Using the listing below, retype only the lines from the line with "The Scrabble game" through the end, both ends included, and exclude the pictures.

[Recorded information]

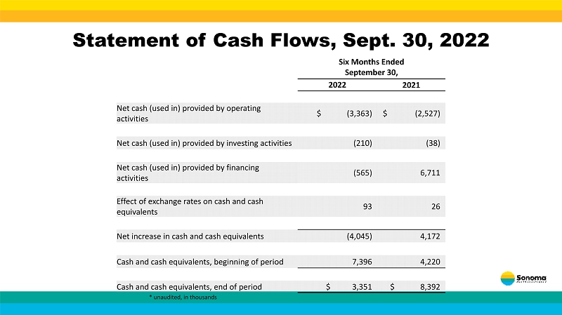 Statement of Cash Flows, Sept. 30, 2022 Six Months Ended September 30, 2022 2021 Net cash (used in) provided by operating activities $ (3,363) $ (2,527) Net cash (used in) provided by investing activities (210) (38) Net cash (used in) provided by financing activities (565) 6,711 Effect of exchange rates on cash and cash equivalents 93 26 Net increase in cash and cash equivalents (4,045) 4,172 Cash and cash equivalents, beginning of period 7,396 4,220 Cash and cash equivalents, end of period $ 3,351 $ 8,392 * unaudited, in thousands
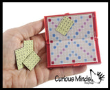 The Scrabble game is 3", and has magnetic letter tiles that actually sticks to the board so you can play a real game. The folding board even has a little drawer to store the tiles.
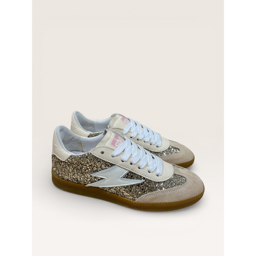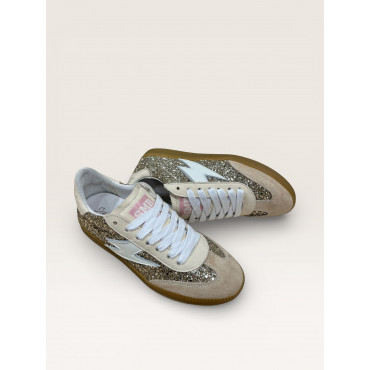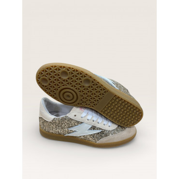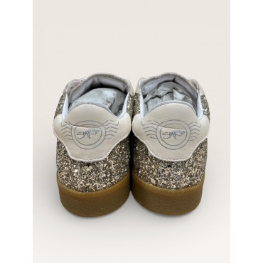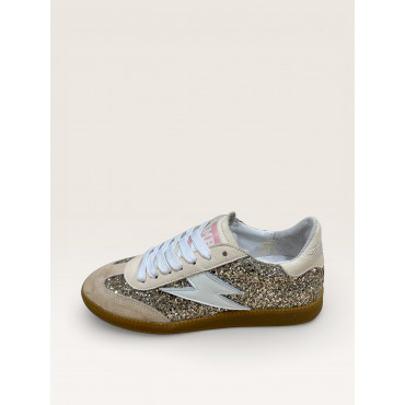 SMR 23 BASKET EMILY D325EN CUIR VELOURS BEIGE ET GLITTER DORE A LACETS BLANC

[/Recorded information]

Written response =>
 The Scrabble game is 3", and has magnetic letter tiles that actually sticks to the board so you can play a real game. The folding board even has a little drawer to store the tiles.
 SMR 23 BASKET EMILY D325EN CUIR VELOURS BEIGE ET GLITTER DORE A LACETS BLANC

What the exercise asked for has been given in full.